The other kids would go to bed at six o’clock. At around about nine o’clock
you’d walk a couple of the nuns up to the gate see them across the road
and then come back.
Now
what was the Mother Superior’s name? What name did she have?
Well there
was Sister Boromeo was one, Sister Cyprian was another Cyril or Cyprian
no I think it was Sister Cyril. They’re the only two that I recall. (Actually
Sisters Cyril and Cyprian were two different people).
Who
was your favourite nun?
Without question
Sister Marie Therese Roche. Sister Marie Therese as she was known. She
was Irish and very much so. She was just wonderful. In terms of a relationship
to a female she was the closest to a mother that I’ve known. She was very
good it was good fortune that kept her there. At one stage she went away
and then she came back. She wanted to be there. She loved the boys, she
could be stern but there was a tremendous amount of compassion in the
lady. She was very good. She gave me that little bit of emotional support
that one didn’t get in a crowded environment like that.

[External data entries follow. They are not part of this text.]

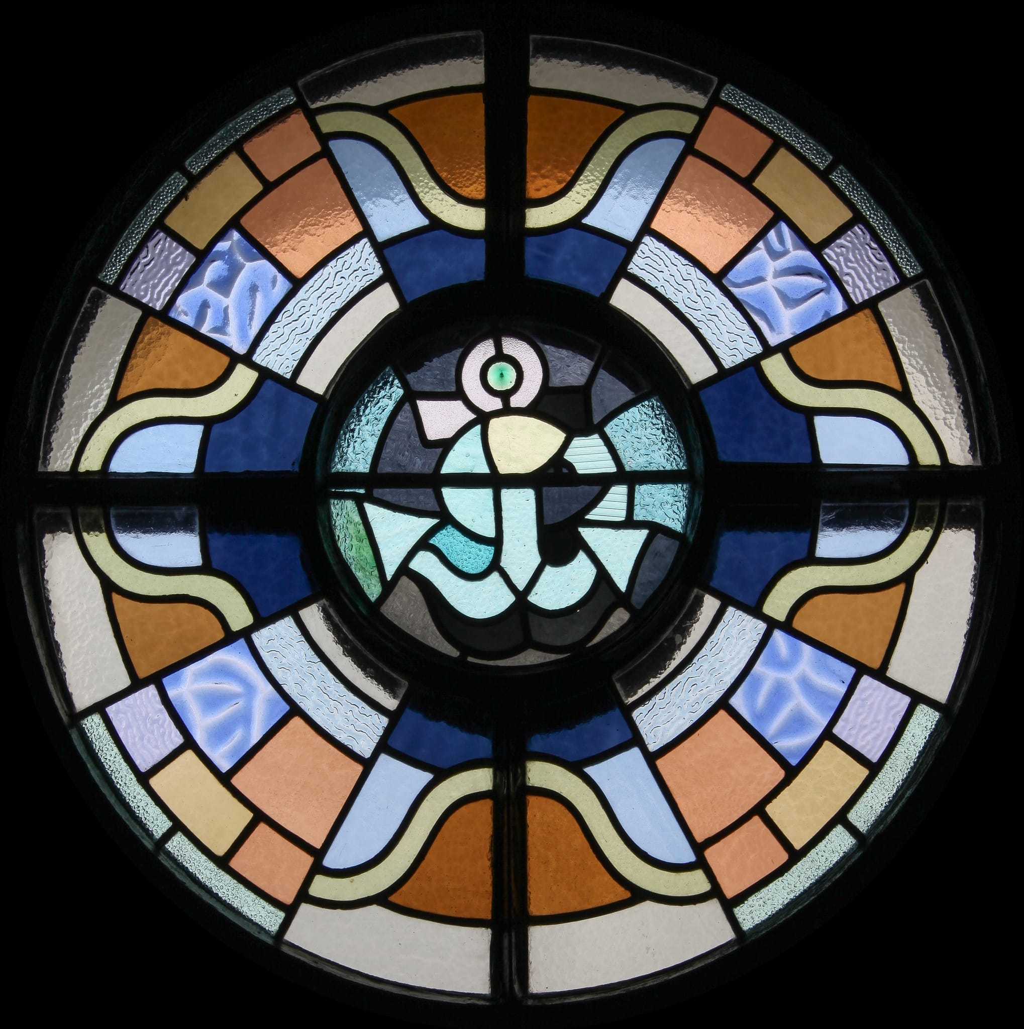Vitrail de forme circulaire avec un médaillon central représentant un poisson s’enroulant autour d’une ancre, dont le sommet est orné d’un cabochon. Une large bordure ornementale encadre ce médaillon, divisée en huit parties rayonnant autour du centre, agrémentées de pièces rectangulaires arrondies de différents formats et d’un filet formant des vagues.
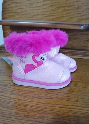 Стильні брендові черевички уггі, р 23, рожевого кольору, нові, сток, устілка 15 см, верх штучна замша, всередині утеплений текстилем і штучним хутром, чудово сідають по ножці і носяться добре. Мають принт з мультика про Pinkie Pie. Виробник Stride rite, Америка, що спеціалізується на виробництві якісного дитячого взуття, яке ідеально сідає на дитячу ніжку. Сток.
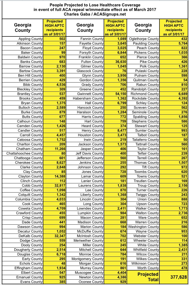 In the case of Georgia, assuming 567,000 people enroll in exchange policies by the end of January, I estimate around 396,000 of them would be forced off of their policy upon an immediate-effect full ACA repeal.
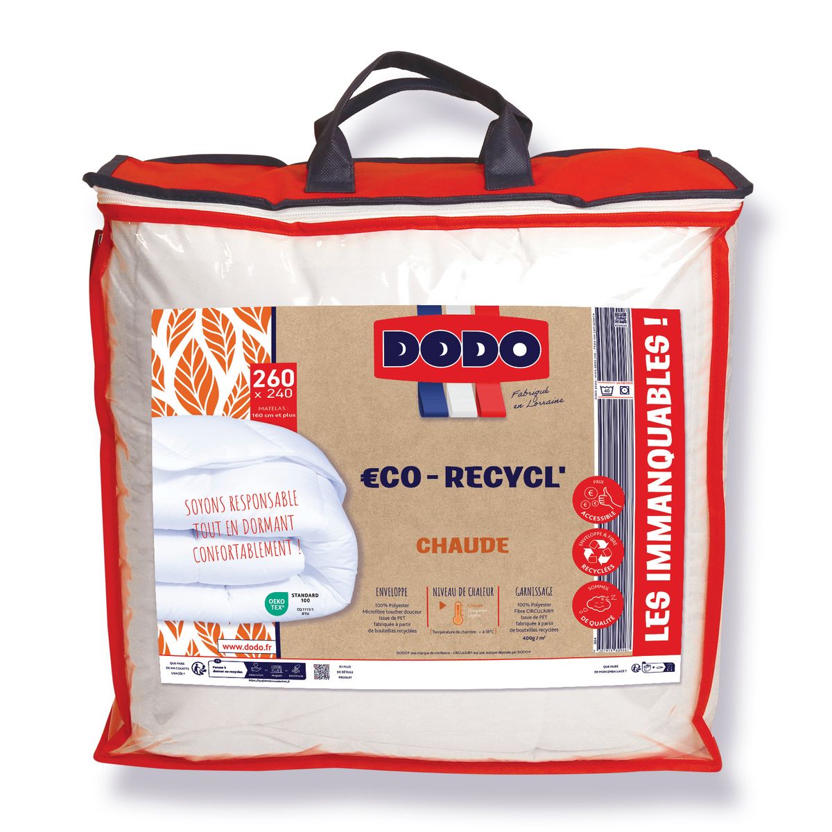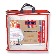 Couette DODO Chaude €CO-RECYCL' - Coloris : Blanc -Enveloppe : 100 Polyester Microfibre Recyclée issu de PET et fabriquée à partir de bouteilles recyclées - Garnissage : 100% Polyester CIRCUL'AIR - Fibre Creuse Siliconée Recyclée issue de PET et fabriquée à partir de bouteilles recyclées - Densité de Garnissage : 400 g/m² - Piquage : Longitudinal - Finition : Biais Uni Blanc - Double Piqûre de Renfort - Housse DODOBOX PEVA/Intissé de Coloris Rouge à Poignée avec Zip + 1 Encart
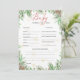Erschaffen Sie mit diesen gemütlichen Holiday Baby Predictions & Advice Cards einen wertvollen Sake für die Eltern, die Sie sein werden! Dieses interaktive Spiel, das auf Ihr Urlaubsthema Babydusche abgestimmt ist, bietet Ihnen die charmanten, von Hand gezeichnet Aquarellkekse und sanfte saisonale Muster. Die Gäste können diese bezaubernden Karten mit ihren Vorhersagen für das Baby ausfüllen (wie Geburtsdatum, Gewicht und Merkmale) und mit herzlichen Ratschlägen oder Wünschen für die neue Familie teilen. Sobald die Karten fertig sind, können sie in ein schönes Gedächtnisbuch übersetzt werden - ein Geschenk, das die Eltern für immer lieben werden. Diese geschlechtsneutrale Aktivität ist ideal für Weihnachten- oder Winterduschen und fördert das Lachen, die Liebe und die sinnvolle Verbindung zwischen den Gästen. Kauf einfach, vertreibe und genieße es, zuzusehen, wie jeder seine Weisheit und Träume für die Zukunft des Kleinen teilt!
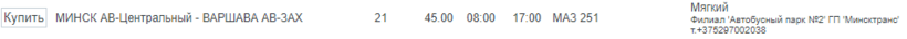 - выезд из Минска в 08:00 и прибытие в Варшаву в 17:00;
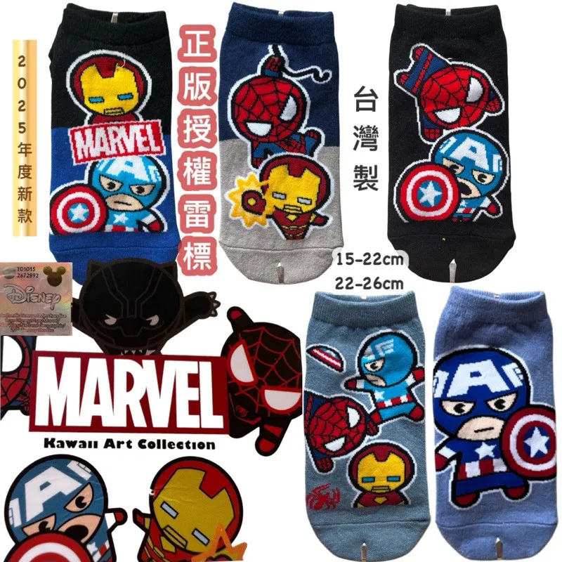 正版雷標卡通襪 復仇者聯盟 美國隊長 蝙蝠俠 鋼鐵人 蜘蛛人 黑豹 兒童直版襪 #15-22cm #22-26cm
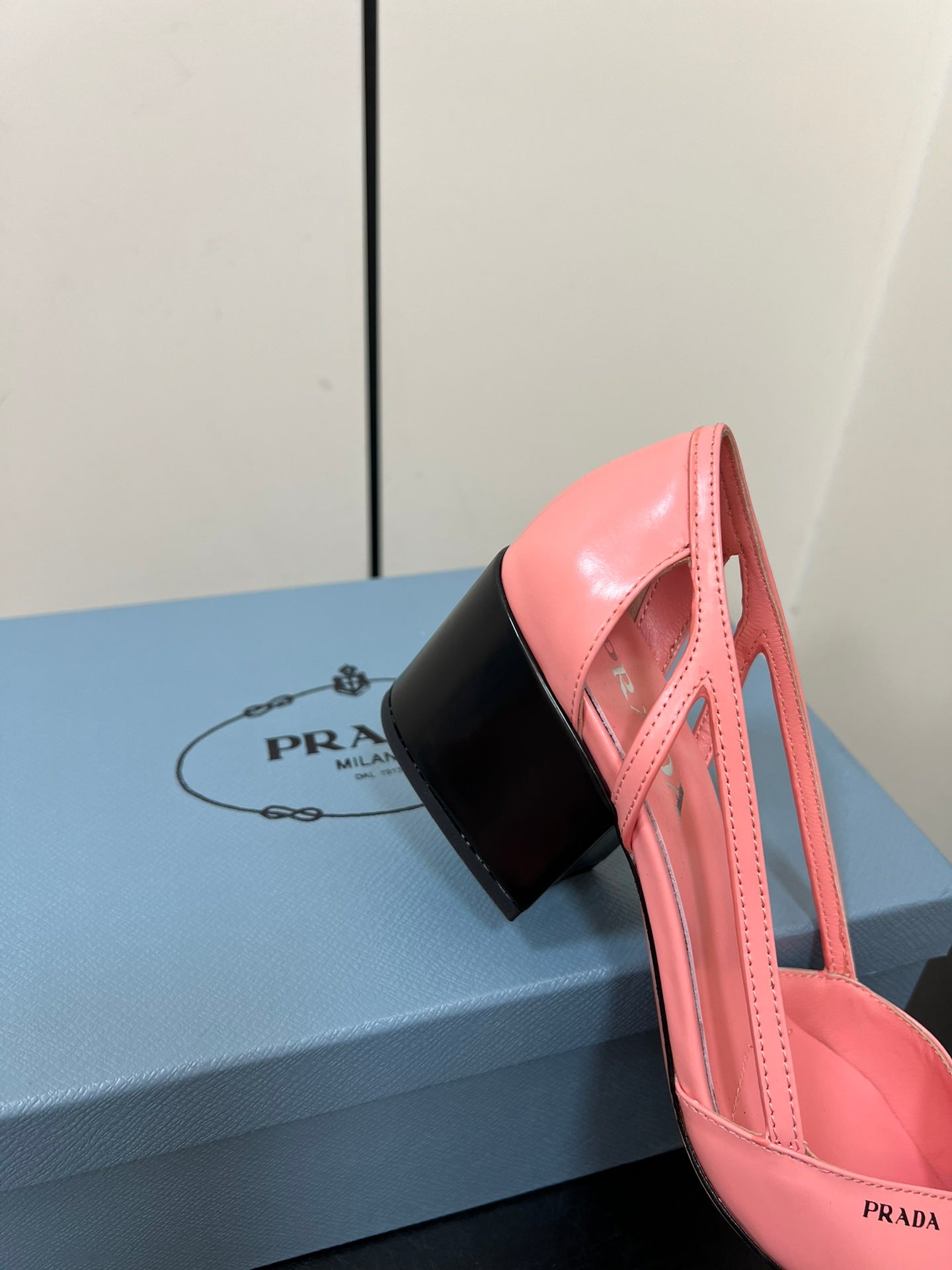 BRUSHED CUT-OUT PUMPS IN SALMON PINK CALFSKIN
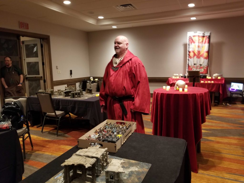 The ministorum representative in the Sermona MagnificatThe second round sees us being deployed to Sermona Magnificat, a shrine world where we've been tasked with smashing through enemy lines to push toward the capital city. This room is more dimly lit, with cityfight boards and faux candles that give it an appropriate feel. The actor leading this room is an Imperial priest who recites litanies and blesses the imperial players. He's legitimately the best part of the event from a staff/actors standpoint, and his mini-arc over the three days is the highlight of the event.
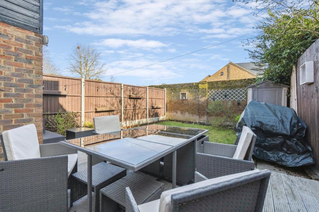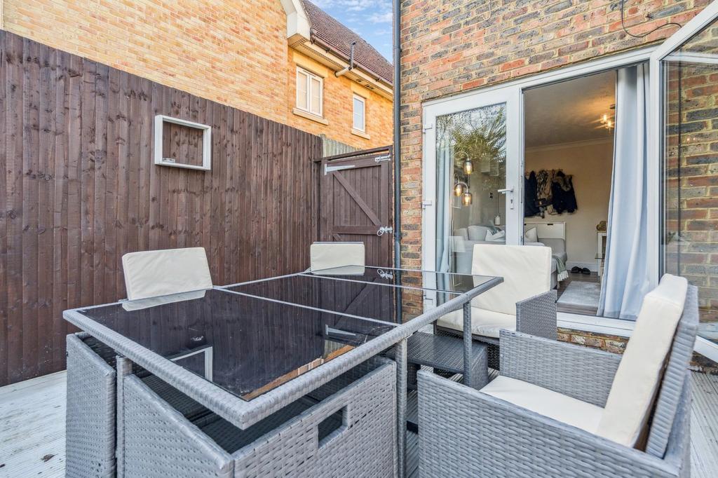 Upon entering, you are welcomed into a bright and spacious living room, offering ample space for a dining table and chairs as well as a three-piece sofa suite. This inviting room is flooded with natural light thanks to French doors that open directly onto the private rear garden a wonderful space for entertaining or enjoying sunny afternoons. The garden also benefits from useful side access.
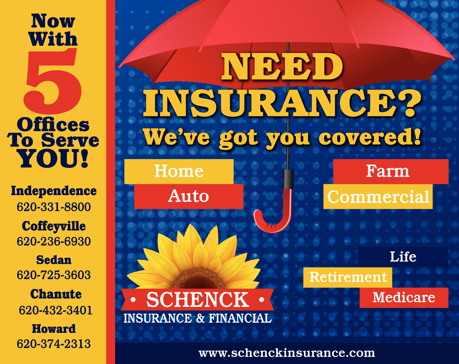 Names and Numbers Verified Insurance Agency Annuities Insurance - Cancer Insurance - DisabilitySchenck Insurance & Financial is a trusted insurance agency that offers a wide range of coverage options to protect individuals and businesses in the Southeast Kansas region. With our five conveniently located offices, we are committed to serving the insurance needs of our clien…
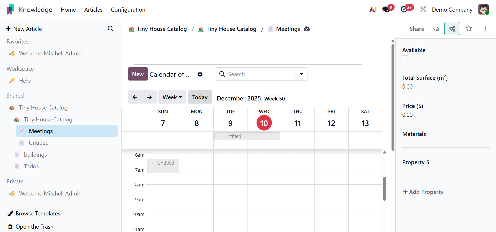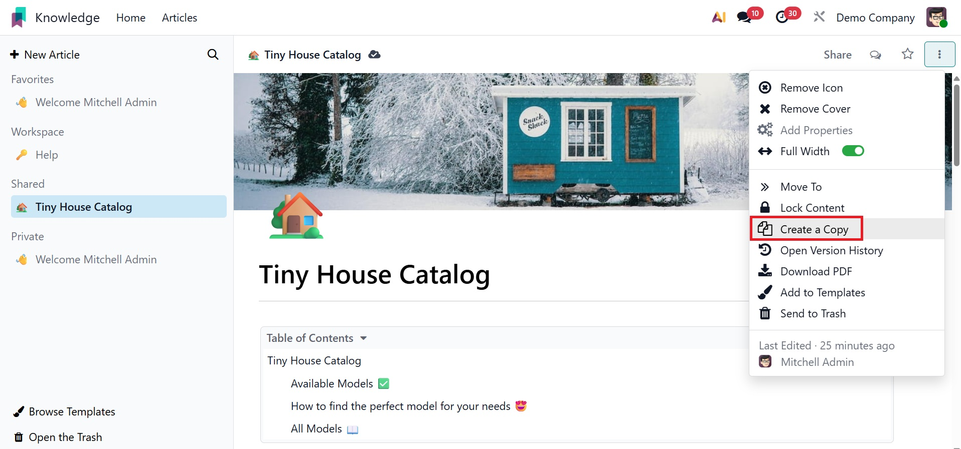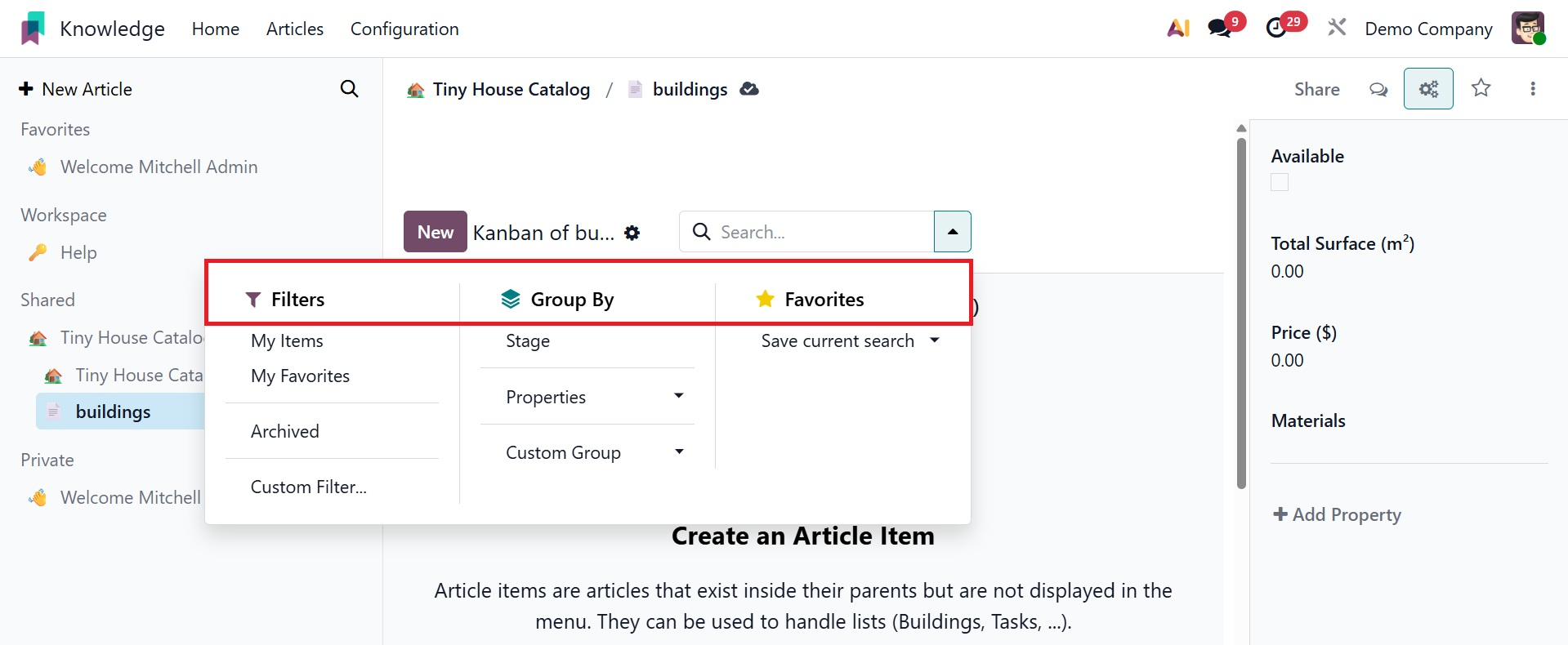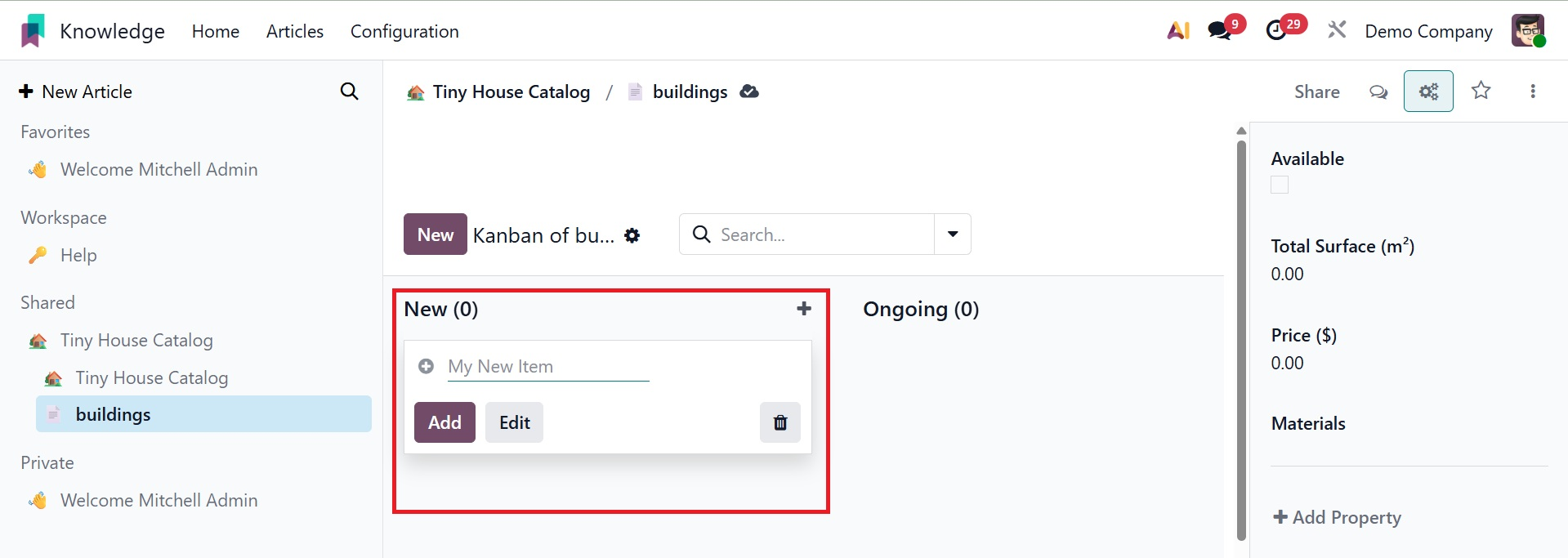 You can easily and methodically produce and share information with your colleagues using Odoo 19's new knowledge management system.
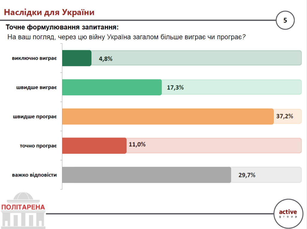 В оцінках впливу нової війни на власну державу українці демонструють скепсис: лише 22,1% опитаних вважають, що Україна більше виграє (зокрема 4,8% – “виключно виграє”), тоді як 48,2% переконані у зворотному (зокрема 11% – що “точно програє”). Ще 29,7% не змогли дати однозначну відповідь.

Let’s talk about a typical day that you might have had at St Michael’s?
What time would you wake up, what would you do? Give me the whole day?
 |
|
Boys from St Michael's Orphanage ready for church at St Michael's
Baulkham Hills c1943
|
OK You go
to bed at six at night you wake up at six in the morning. Then you go
down, dress, then you’d go over to church and towards the end of church
some of the senior boys would go over and get the breakfast ready and
start cutting the bread for during the day. Then you would go back go
to the refectory, you don’t hear the word now, but that’s what it was
called refectory where we all ate. Everybody would sit down and have their
meal of cereal and a glass of milk and maybe a bit of bread. This was
Monday to Friday you’d do this. You’d then have a job between the time
you finished breakfast until it was time to go to school. Generally you
finished the job in time so you had a bit of time to play around. One
of the nuns if anybody had any sores or abrasions or cuts they would go
up to the nuns and the nuns would dress them and make sure everything
was OK. Then we’d go in to our classrooms and you’d come out for lunch
at eleven. Nine o’clock to eleven and you’d have half a slice of bread
with some jam on it. Have a break go to the toilet and then go back into
school and I think you’d come out about twelve o’clock. I think the times
I’m not absolutely sure, you’d come out and have your lunch, play around
for a little bit then go back into school again. I think it was three
o’clock that we finished school in the afternoon. Now after that that
was free time to play except on a Friday. You would come out and there
was organised physical culture that you’d do exercises and one thing and
another. I’m not sure of the time you’d go up and…..you didn’t play for
that long because we were in bed by six and we’d generally go up wash
ourselves as directed and go in. They’d say a rosary and here I’m a bit
vague I’ve got to say. I thought we all ate together in the night time
but I’m starting to think that maybe the younger boys went and had their
evening meal and went to bed. But I’m not sure about that. We would have
our evening meal and then off to bed. The older ones would stay up with
the nuns and as I say and generally one would stay there and a couple
would go back. So the older boys the ones that stayed up would walk them
up to the gate from the school when they were across the road there they’d
come back and then we’d go to bed about nine thirty.